Your Catholic Neighbor
Faith, love go hand in hand
Couple's relationship sparked by attendance at church conferences
By Tony Staley
Compass Correspondent
ALLOUEZ -- Wayne and Jolene Wichlacz not only remember when they met, they celebrate it every year.
Wayne, a native of Two Rivers, had gone with a friend to the West Coast for Christmas break and was invited to a New Year's Eve party in Torrance, Calif.
"I didn't know that it was a Catholic young adults New Year's Eve party," Wayne said. "I only found that out afterwards."
"He came, but didn't know anybody. He was the only one no one knew," said Jolene, whose parish sponsored the party.
For them, New Year's Eve is a bigger date than their wedding anniversary. "We always celebrate on New Year's Eve. It's like a state of our marriage day," Jolene said.
At first they went to Catholic young adult offerings, including one the Los Angeles Archdiocese sponsored during their annual religious education congress.
"We would go to that and listen to talks on love," Jolene said. "We listened to all kinds of people.
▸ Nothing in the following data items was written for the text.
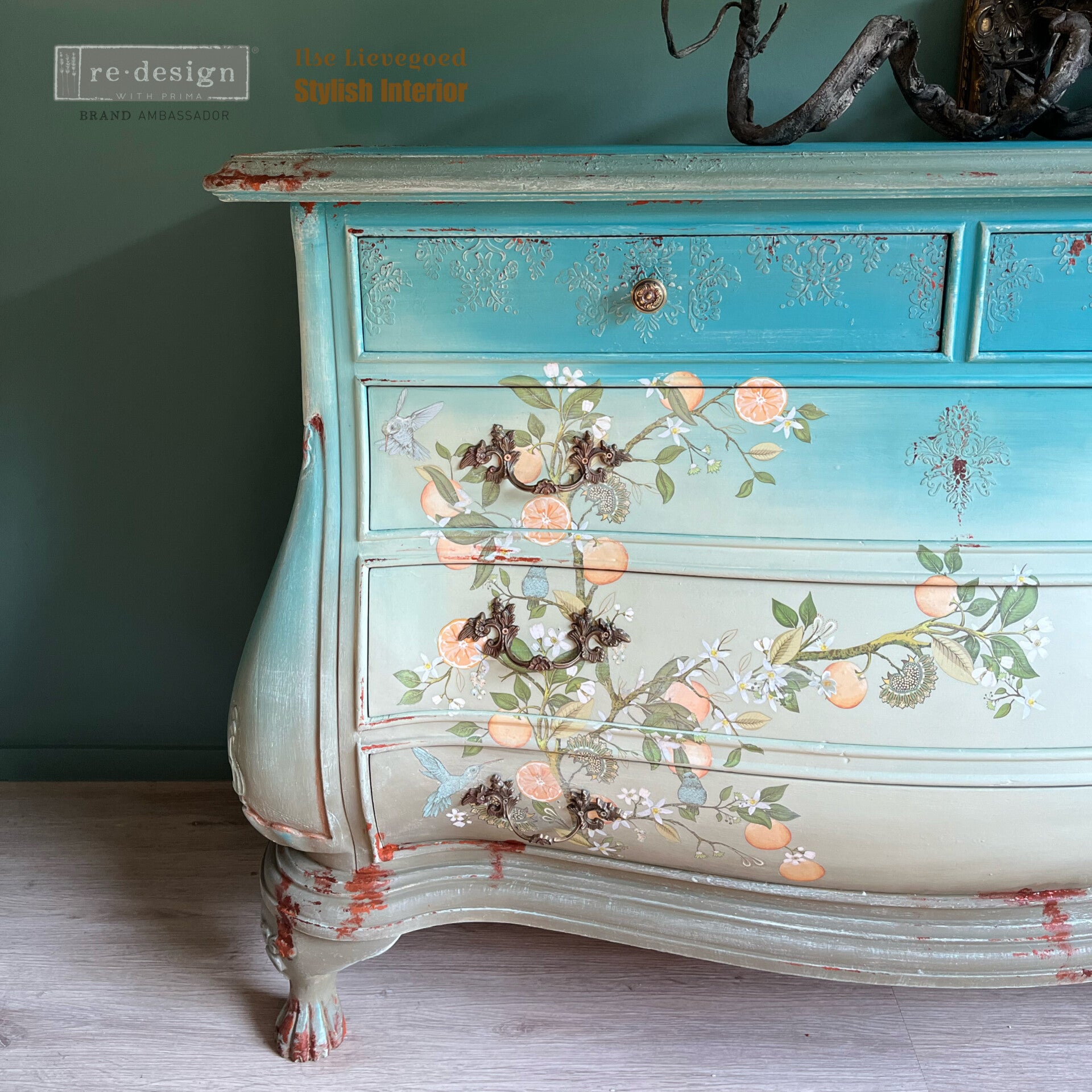 Met deze welgevormde van azuurblauw naar olijfgroen uitlopende ladekast waan je je in een finca te midden van een idyllische boomgaard met duizenden citrusbomen onder de Spaanse zon. Haar afmetingen zijn
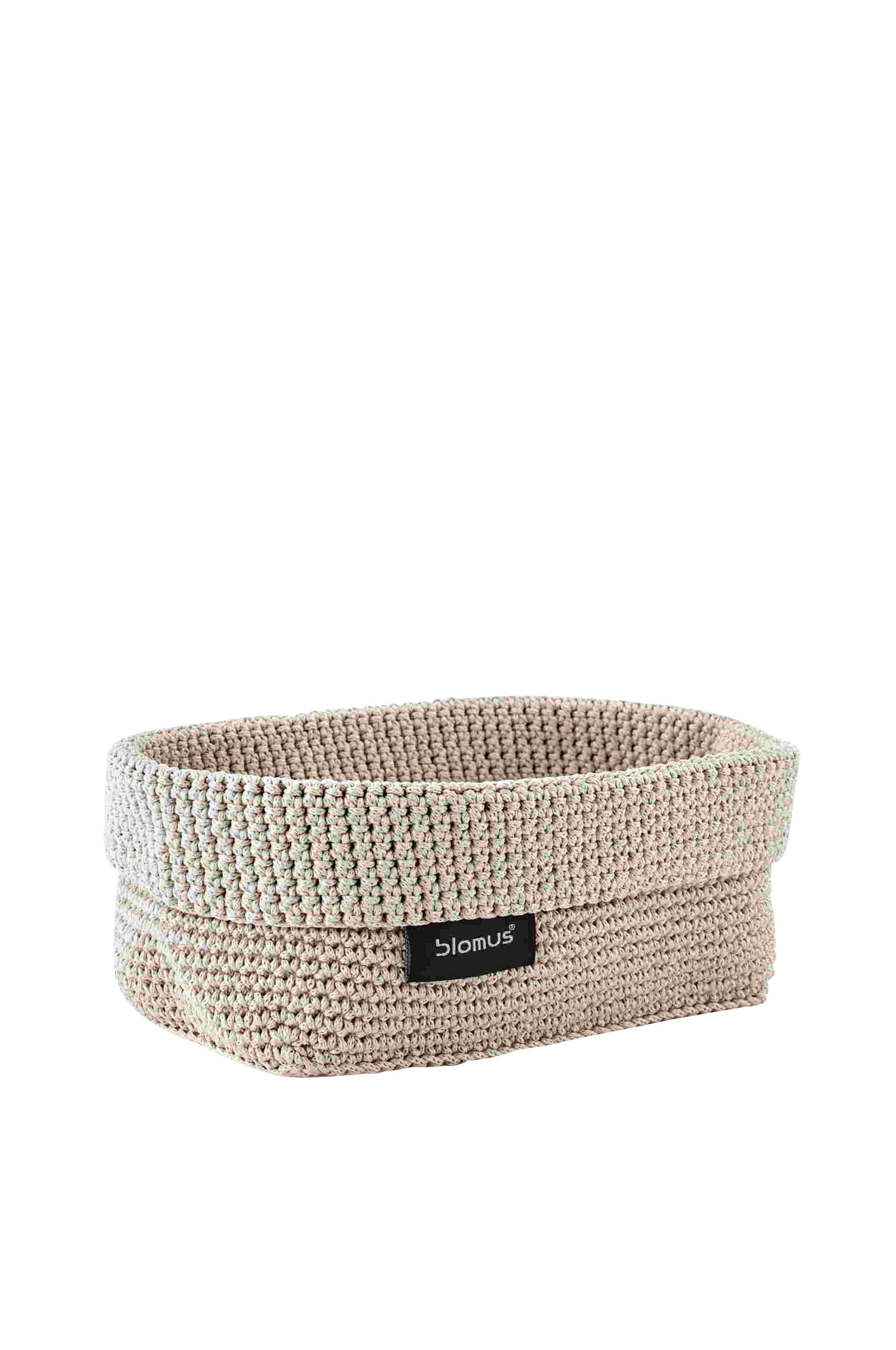 Vacker korg i virkad textil. Praktisk förvaring på badrummet för alla småsaker som makeup, pads eller tops. Kan också användas som brödkorg eller förvaring på kontor eller barnrum.Mått: H 9 cm, B 12 cm, L 20 cm
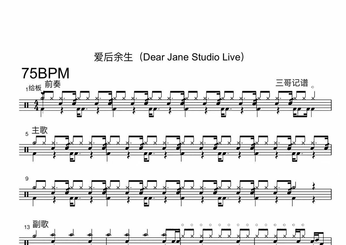 Dear Jane《爱后余生》鼓谱 - 架子鼓谱
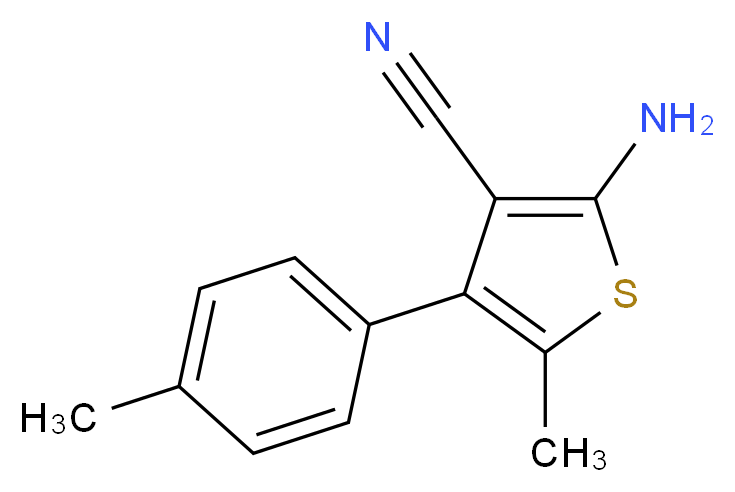 SMILES: c1(c(sc(c1c1ccc(cc1)C)C)N)C#N Canonical SMILES: N#Cc1c(N)sc(c1c1ccc(cc1)C)C InChI: InChI=1S/C13H12N2S/c1-8-3-5-10(6-4-8)12-9(2)16-13(15)11(12)7-14/h3-6H,15H2,1-2H3 InChIKey: RHICPTFVQDHWOQ-UHFFFAOYSA-N
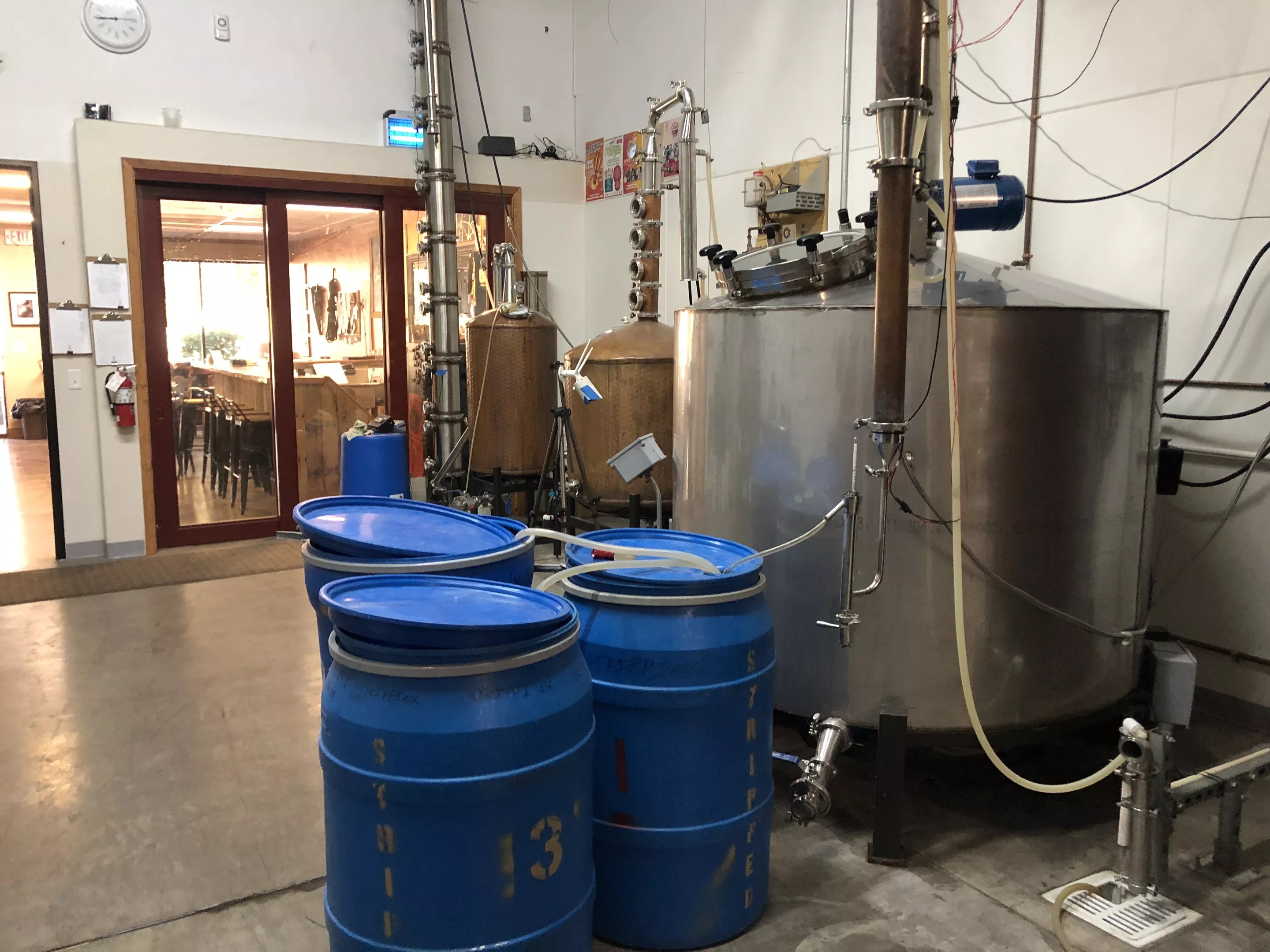 The distillery’s grain mill was built in a garage. It crushes grains and corn, reducing them to a coarse grind, larger and rougher than wheat flour. Next, the distilling process passes to a 17-barrel mash tun, a cylindrical vessel, where grain or corn is heated with water. This produces a beer-like slurry, which then passes together with the solids (unlike in brewing) to a 600-gallon stripping still. The mixture then “boils like mad.”
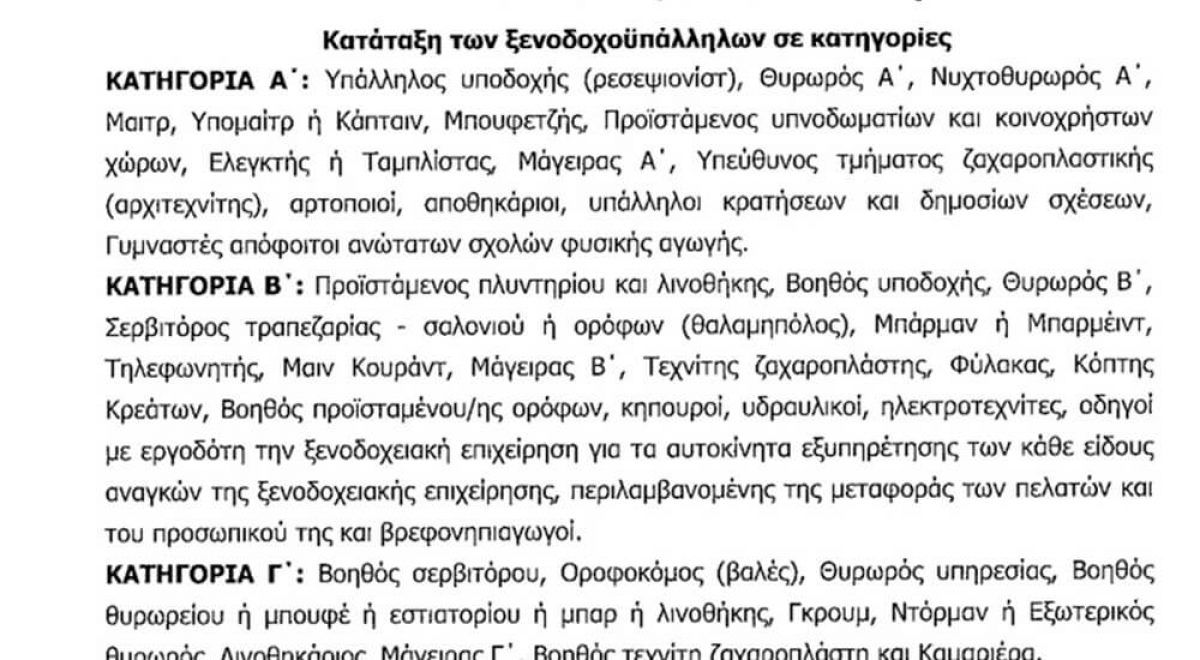 Τι περιλαμβάνει η νέα συλλογική σύμβαση εργασίας των ξενοδοχοϋπαλλήλων
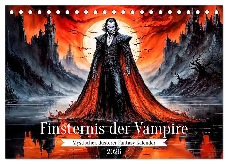 Der Finsternis der Vampire - Mystischer, düsterer Fantasy-Kalender entführt dich in eine Welt voller dunkler Schönheit und unsterblicher Faszination. Mit 12 atmosphärischen KI-generierten Illustrationen zeigt dieser Kalender sowohl verführerische als auch furc...
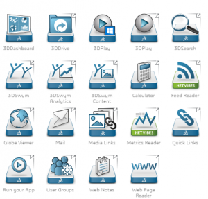 - 3DDashboard — створення інформаційних панелей з персоналізованим представленням релевантної інформації для користувачів, робочих груп та керівників.

We were very into music then and we would go to all the music ones. That was kind of the basis of how we fell in love. We went on a parish renewal and the priest said, 'So are you two a couple?' And we said, 'No' and we started dating."
Eventually, they married - it will be 21 years in June - and settled in California, where Wayne was a computer programmer in McDonnell Douglas' flight test department. Their first two children, Stephanie, 17, and Alison, 15, were born in California. David, 13, and Michael, 11, were born in Green Bay, where the family moved 15 years ago when Wayne became the Green Bay
Packers' first IT director. He said he got the job by maintaining his college contacts in the UW-Green Bay computer department. Jolene is a substitute teacher and religious education coordinator for grades 7-10 at St. Matthew Parish in Allouez.
After they were married, Wayne and Jolene started teaching confirmation classes at their parish, St. Margaret Mary Alacoque, in Lomita, Calif. That was where they met Don Boyd, director of religious education and a mentor.
"He was a really great guy," Jolene said, "very amusing, very moderate to liberal. He helped us find our niche and guided us to wonderful authors and wonderful speakers. He was just hilarious and that's probably what we liked best about him."
"Sometimes," Wayne said, picking up Jolene's thought, "people can take religion too seriously and it almost becomes an idol. He said the reality of life is that we're all human and we struggle, we question. We do good things sometimes. Sometimes we make mistakes. He had the ability to bring you back to reality if you're getting too serious about yourself."
"He was a big picture guy," Jolene added. "He could see God in a much bigger way."
They also were guided by their pastor, Fr. Joseph Sartoris, who later served as an auxiliary bishop in Los Angeles. He was "a good influence," Wayne said, "very pastoral in his approach."
Their mentors in Green Bay include Dick and Sara Reichert, members with them in a theological book discussion group. Dick is a retired consultant in the Green Bay Diocese's Education Department and author of numerous religious education books. Sara is the retired pastoral associate at St. Matthew.
"We have very good examples in a lot of the married couples at St. Matthew. We're all not perfect, but we're all striving. We're all committed. Everyone is different. There are a lot of good role models there," Wayne said.
The Wichlaczs said they keep growing by reading and talking about books and engaging with others in the community. Women theologians, such as Benedictine Sr. Joan Chittister and Elizabeth Johnson, have broadened their perspective on what it means to be Catholic, they said.
They recall hearing Franciscan Fr. Richard Rohr speak at a young adult conference when they were first dating.
"It's interesting to see how people like him have matured and grown and how they've changed and matured in what they're saying over the years," Wayne said. "That's encouraging to me because our faith as a couple and as individuals isn't the same thing it was 20 years ago either."
Wayne and Jolene are members of separate men's and women's spirituality groups and serve as a marriage prep couple.
Five years ago they began leading Great Dates at Nativity Parish in Ashwaubenon after the founders, Tom and Theresa Rinkoski, moved to Florida. Great Dates' sessions begin with Wayne and Jolene reporting on a book or tape on ways to improve a marriage. They then send the couples on a date with some questions to answer afterwards.
Why do they do these things?
"If we're supposed to be sacrament - because that's what we're called to be - a sacrament can't be private. We've always felt called to share."
"At first when you share it becomes kind of like an ego thing," Wayne said, "but then ultimately you look at it from a different perspective, that all we can do is share our lives and plant seeds in people and God does the growing."
"Sometimes we say stuff that's, 'Wow, where did that come from?'" said Jolene. "Then you remember, Oh yeah, Holy Spirit."